Introduction

Inhabitants of the Far East saw a bright shining light in the sky on July 4, 1054. A star had exploded and today the remnants of that star or supernova are visible as the Crab nebula.

The Crab nebula, which now has a diameter of fourteen lightyears, is giving off large amounts of a radiation called Rontgen radiation. This Rontgen radiation takes a lot of energy to produce and scientists estimate that all the energy left in the nebula will be exhausted within a year. Despite this prediction, the Crab nebula appears to have had a significant amount of energy which it used to transmit the Rontgen radiation for more than ten centuries. This energy is delivered by a tiny Rontgen source in the Crab nebula, left over from the supernova, called a neutron star.

Rontgen Hot Gases

Neutron stars have about the same mass as our Sun, but this mass is so tightly packed that the sphere that encloses it measures about 10 kilometers in diameter. Inside this sphere, the atoms from the star had been broken down into their components of neutrons, protons and electrons. When this occurs the protons and electrons react and start to form neutrons. Eventually the core of the neutron star where the elementary particles are located become surrounded by a fluid of primarily neutrons. This fluid is covered by an extremely dense crust that is a few hundred meters thick.

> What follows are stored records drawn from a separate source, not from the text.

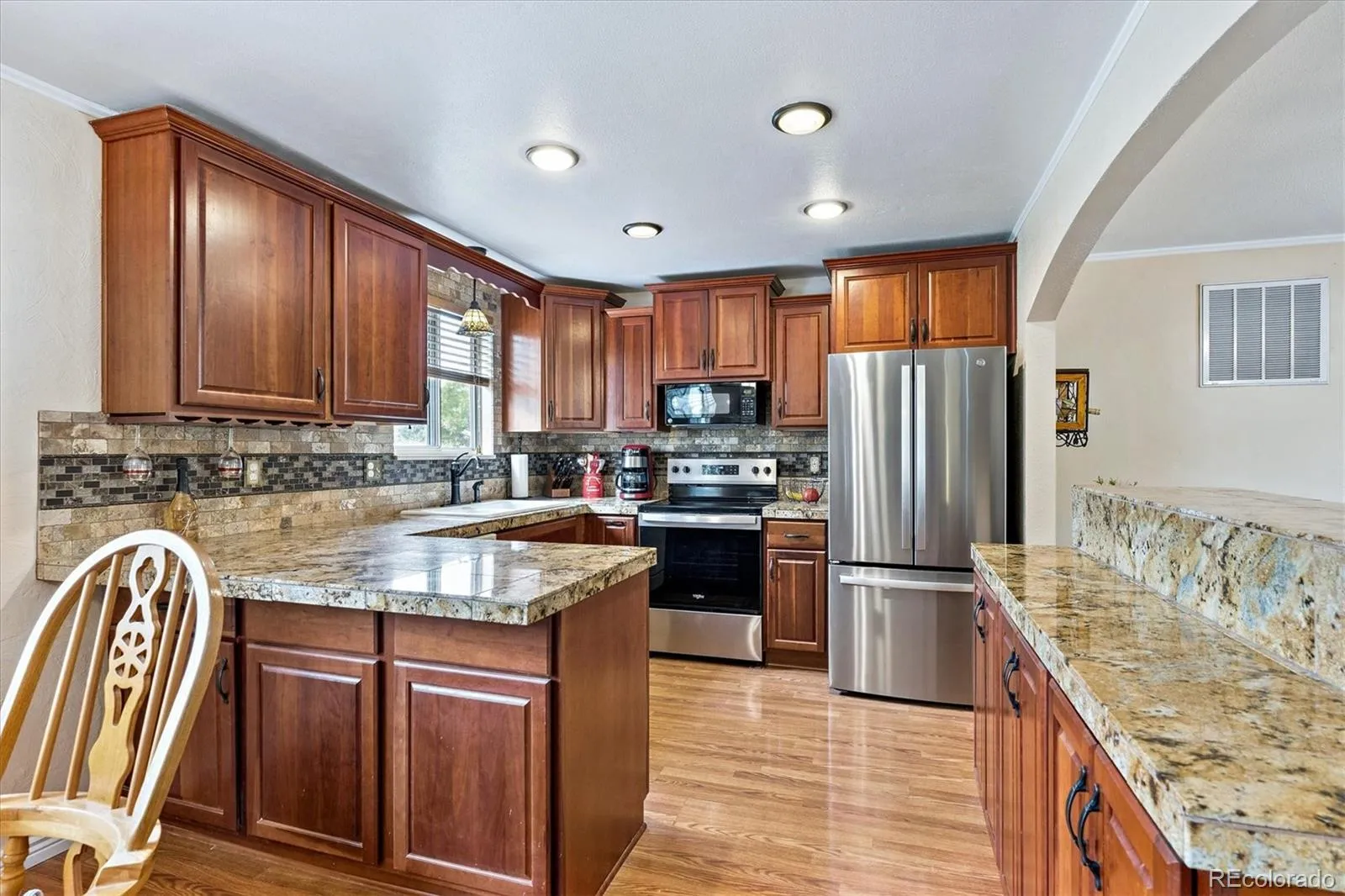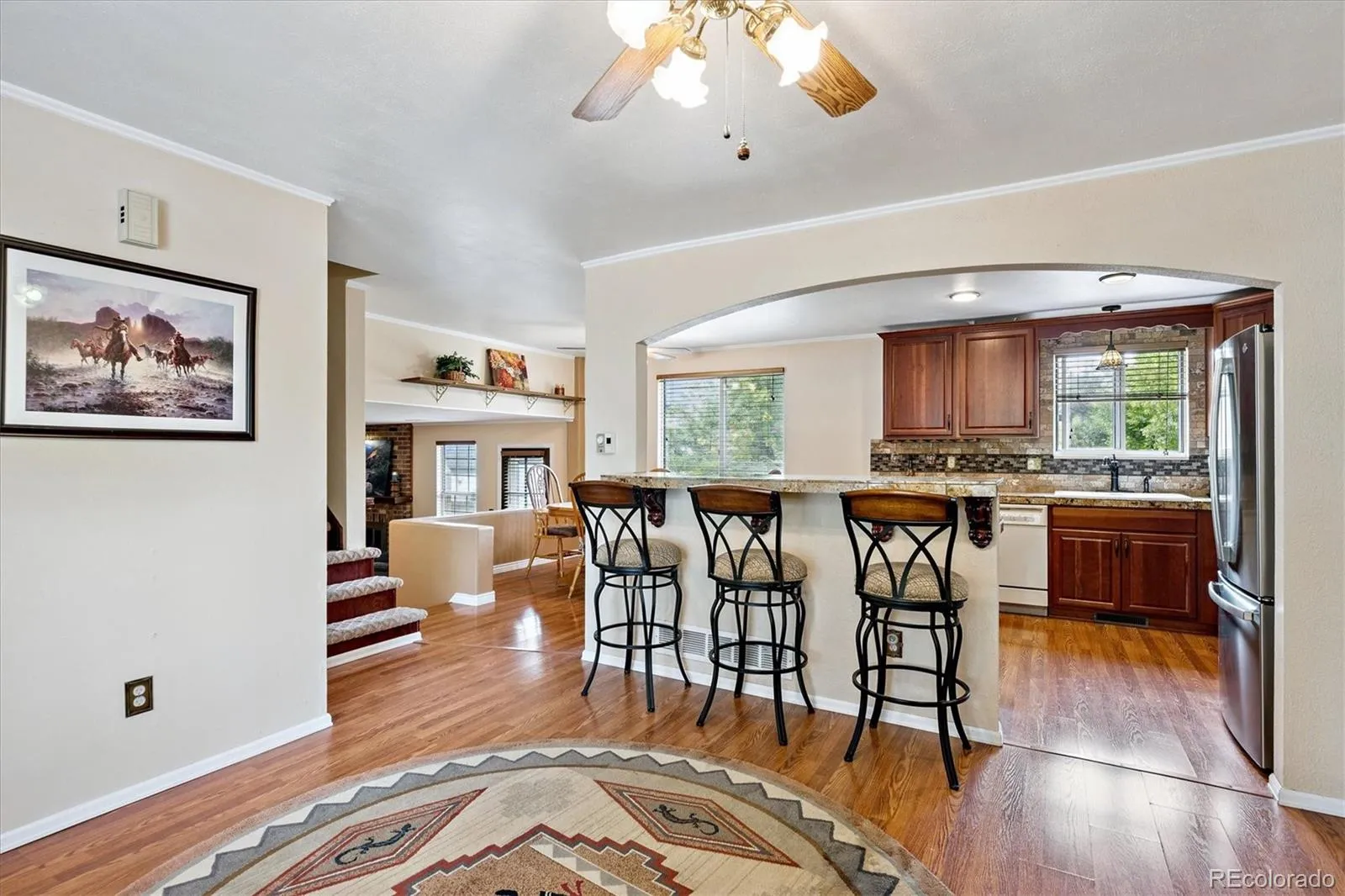 Tucked away on a generous corner lot in the heart of the beloved Smoky Hill neighborhood, this 3-bedroom, 3-bathroom charmer is part of the highly acclaimed Cherry Creek School District and is ready to welcome you home! From the moment you arrive, the lush, lovingly landscaped front yard offers standout curb appeal — the kind that makes you smile every time you pull into the driveway. Inside, you’ll find a classic tri-level layout with just the right mix of modern updates and timeless comfort. The heart of the home? A bright and welcoming eat-in kitchen with breakfast bar, beautiful updated custom cabinets, cheerful windows, timeless granite countertops, and plenty of storage — perfect for pancake breakfasts or after-school snacks. Two cozy and versatile living areas give you room to spread out. The upper level is light, open, and inviting — while the lower level features a cozy brick fireplace flanked by built-in bookshelves just waiting for your favorite family photos, vintage vinyl’s, or well-loved books. It’s the ultimate spot for movie nights, game days, or fireside chats. Upstairs, the primary suite offers a private retreat with a private 3/4 bath, while two additional spacious bedrooms bring flexibility for family, guests, or a sunny home office. Step outside and let the memories begin — this backyard was made for backyard barbecues, birthday parties, or peaceful mornings with a cup of coffee. With multiple seating areas, garden beds, and a fenced yard full of potential, it’s your own slice of heaven. Complimentary amenities through Smoky Hill Metropolitan District and Front Range Recreation- include the Clubhouse, Park, Playground, Pool, Tennis, Basketball, & Pickleball Courts. Nestled in a friendly Centennial community close to parks, schools, shopping, and dining, this home offers the ideal mix of comfort, connection, and classic charm. It’s not just a house — it’s the setting for your next great chapter. So go ahead, cue the theme song… this is the one.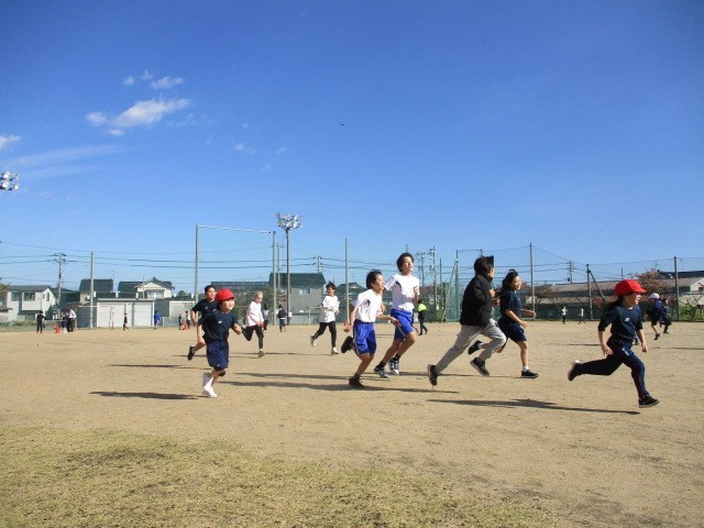 秋晴れのもと、トレーニングタイムでグラウンドを元気よく走りました。きょうは風も暖かく外で気持ちよく走ることができました。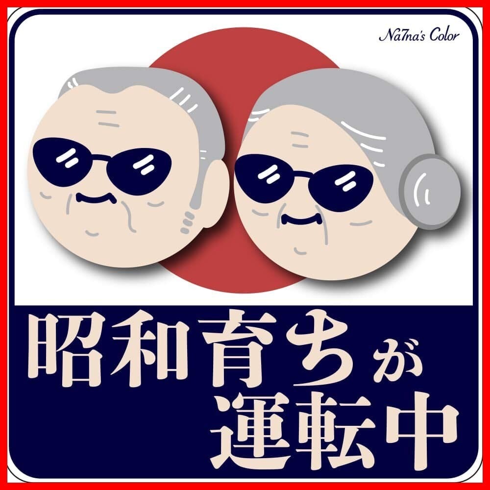 Na7na's Color 車 マグネットステッカー 昭和育ちが運転中 もみじマーク 高齢者 ドライバー 耐水 UVカット 14.8cm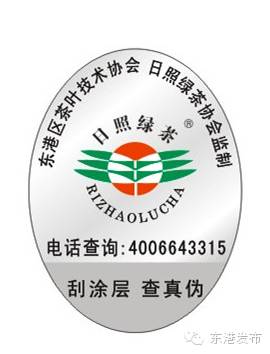 “日照绿茶”防伪标签为椭圆形电码查询防伪标识,中间为商标标识,上方标注“东港区茶叶技术协会、日照绿茶协会监制”字样,下方为查询电话和防伪涂层。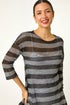 Metallic Stripe Knit Top from Roman. Shine bright this Autumn/Winter season in our stylish metallic stripe knit. The round neck and 3/4 sleeves make this the perfect cosy yet chic choice. Crafted from a soft knitted fabric with silver metallic thread running through for a touch of sparkle. Cut to a flattering below hip length, this stripe knit is perfect for adding a touch of glamour to your everyday outfits. Pair with jeggings and ankle boots for a trendy look!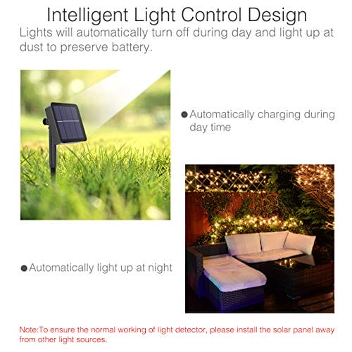 • 【8 trybów i bateria 800 mAh】 Wybierz preferowany efekt świetlny i stwórz romantyczną atmosferę. Dzięki dużej pojemności baterii, która zwiększa się do 800 MA, ta lampa solarna musi ładować tylko 6-8 godzin w ciągu dnia i może pracować 8-14 godzin w nocy.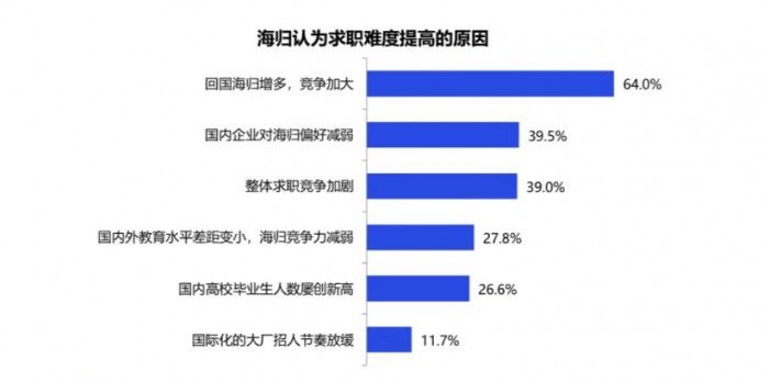 海归回国创业意愿进一步加强。智联报告显示,2022年回国求职的留学人才数量大幅度增长,留学生回国意愿增强。但随着国内高校毕业生质量提高,企业面向留学人才优先的职位数量持续走低,使得留学人才在国内的求职压力有所加大。2019年、2020年、2021年同比增幅分别为-25.4%、-23.5%和-0.4%。超八成的留学人才认为,国内求职难度较从前有所提高,其中占比最高的是“回国海归增多,竞争加大”“国内企业对海归偏好减弱”两大原因。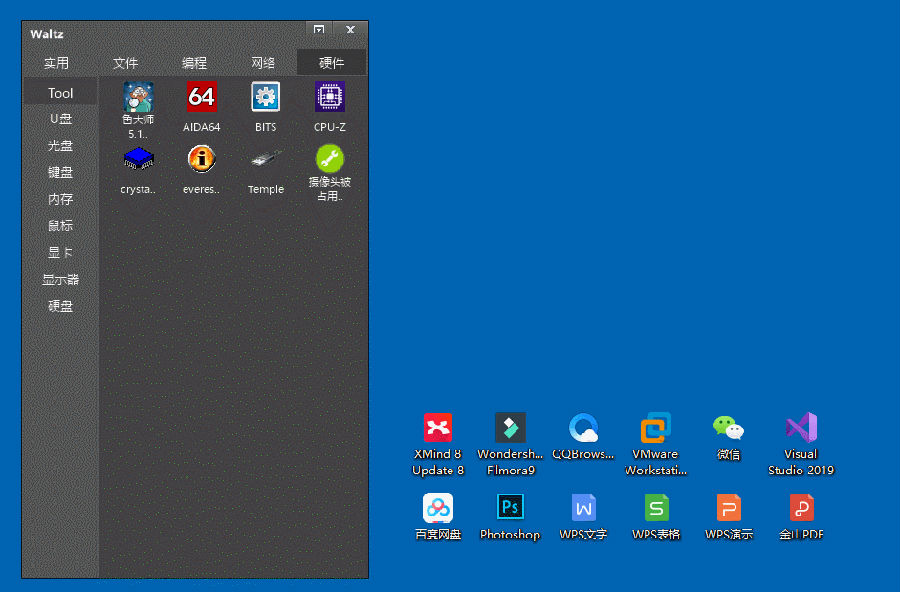 华尔兹启动器是一个简易的绿色桌面快速启动工具,能够帮助用户快速打开需要使用的文件或程序,支持30多种便携路径,还支持拖拽功能,可以拖动软件到软件窗口,非常非常方便,不需要使用的时候会自动隐藏窗口,不用担心它会影响您的其它操作,感兴趣的话快来试试吧~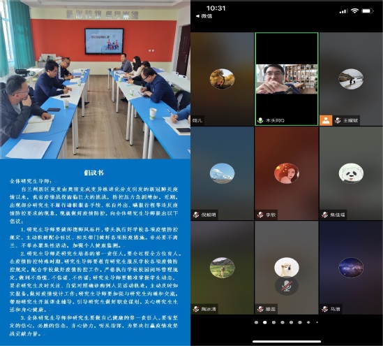 各学院高度重视,马上进入“战时”状态,要求导师做好研究生思想工作,加强线上指导,保障研究生教学和学位论文预答辩等工作顺利开展。马克思主义学院院领导与博士、硕士班级结对子,通过线上班会传达疫情防控要求,倾听学生诉求;文学院举办了多场线上“云端见面会”,全体院领导深入到研究生当中,就疫情期间同学们关心的问题进行答疑解惑。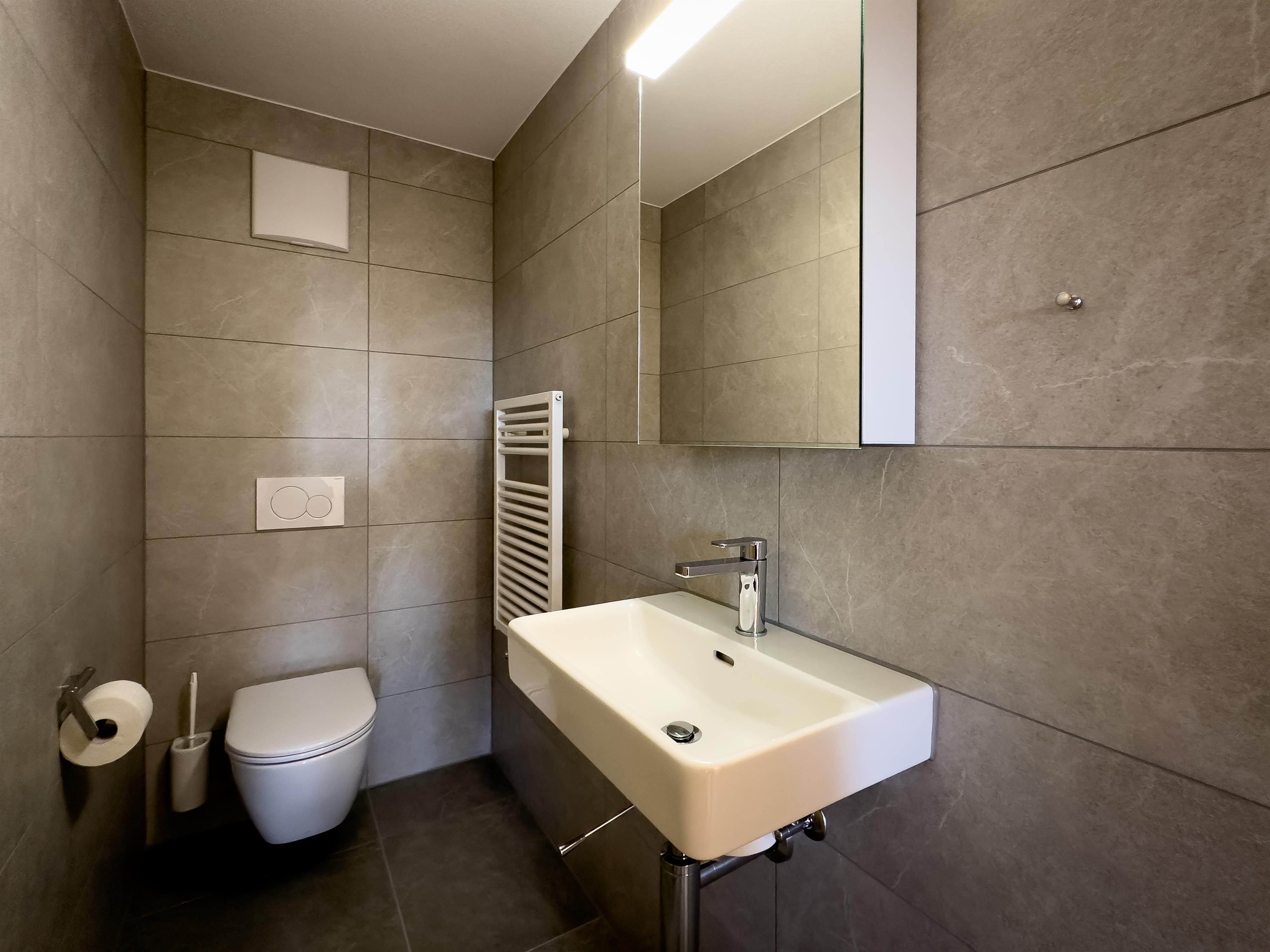 Moderne und helle 4-Zimmer-Wohnung (67 m², Neubau 2023) an ruhiger Lage im Ausserschwand mit wunderschöner Bergsicht. Wohnzimmer mit Sofaecke und Esstisch, offene  Küche mit Backofen, Geschirrspüler und Kaffeemaschine. 1 Schlafzimmer mit Doppelbett, 1 Schlafzimmer mit zwei Einzelbetten und 1 Schlafzimmer mit Etagenbett (total 3 Schlafzimmer mit insgesamt 6 Betten, zusätzliches Babybett möglich). 1 Badezimmer mit Dusche, separates WC. Grosse, sonnige Dachterrasse mit Aussicht. TV, WLAN, Parkplatz. Wohnungseingang barrierefrei. Nichtraucherwohnung.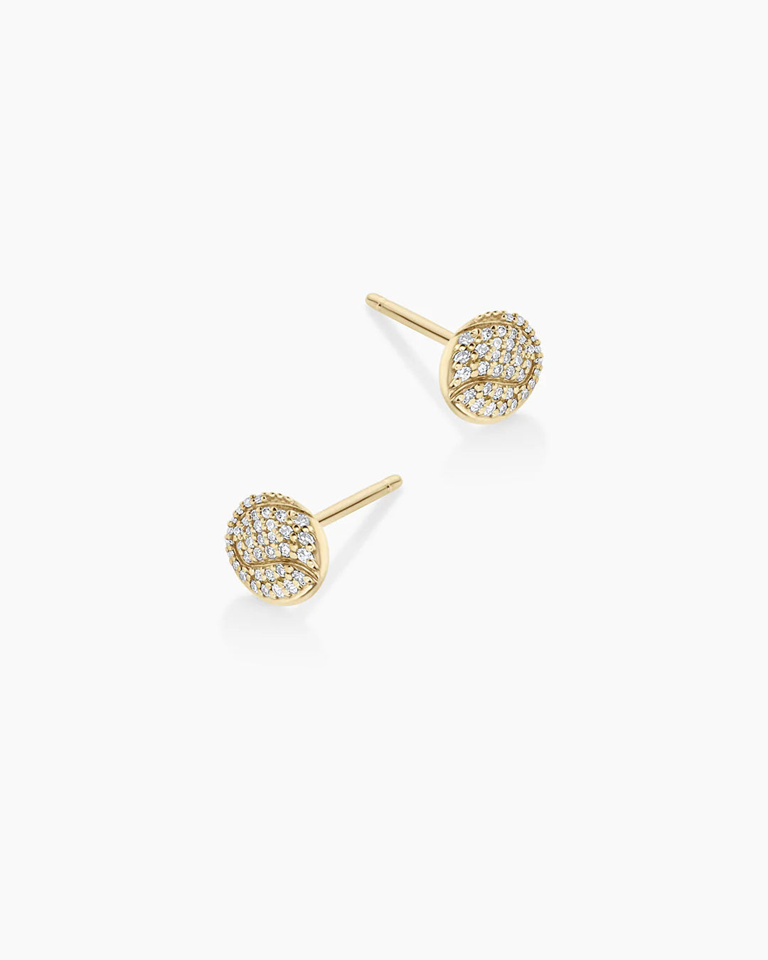 The Diamond Ace Studs are the perfect style for any tennis lover. These 14k solid gold and diamond tennis ball earrings are a meaningful addition to any stack.

The gravitational force at the surface of a neutron star can be billions of times stronger than that of our Sun. Neutron stars also have very strong magnetic fields that can trap gas from nearby stars. When that happens, the gas accelerates in the magnetic atmosphere and then falls freely toward the surface of the star. These gases may even accelerate to as fast as one third of the speed of light! Here the gases are heated up to over 10 million kelvin and emit Rontgen radiation. A great deal of energy is created by this process which allows the neutron star to function as a Rontgen source.

Pulsars

The strong magnetic field of the neutron star run from pole to pole (represented by the green lines). The attracted matter is forced to fall to the poles (represented by the the orange and green regions). This causes small, hot spots on both poles, where Rontgen radiation is generated. This radiation is slowly released in narrow bundles from the poles of the star (represented by the blue region).

If the magnetic poles are not lined up with the rotation axis (the red axis line), the poles rotate sometimes in our line sight and back. Scientists can then see the emitted Rontgen radiation as short flashes which vary depending on the speed the neutron star rotates. The pulses reoccur at small and precise intervals between 1 millisecond and 4 seconds. This source is called a Rontgen pulsar.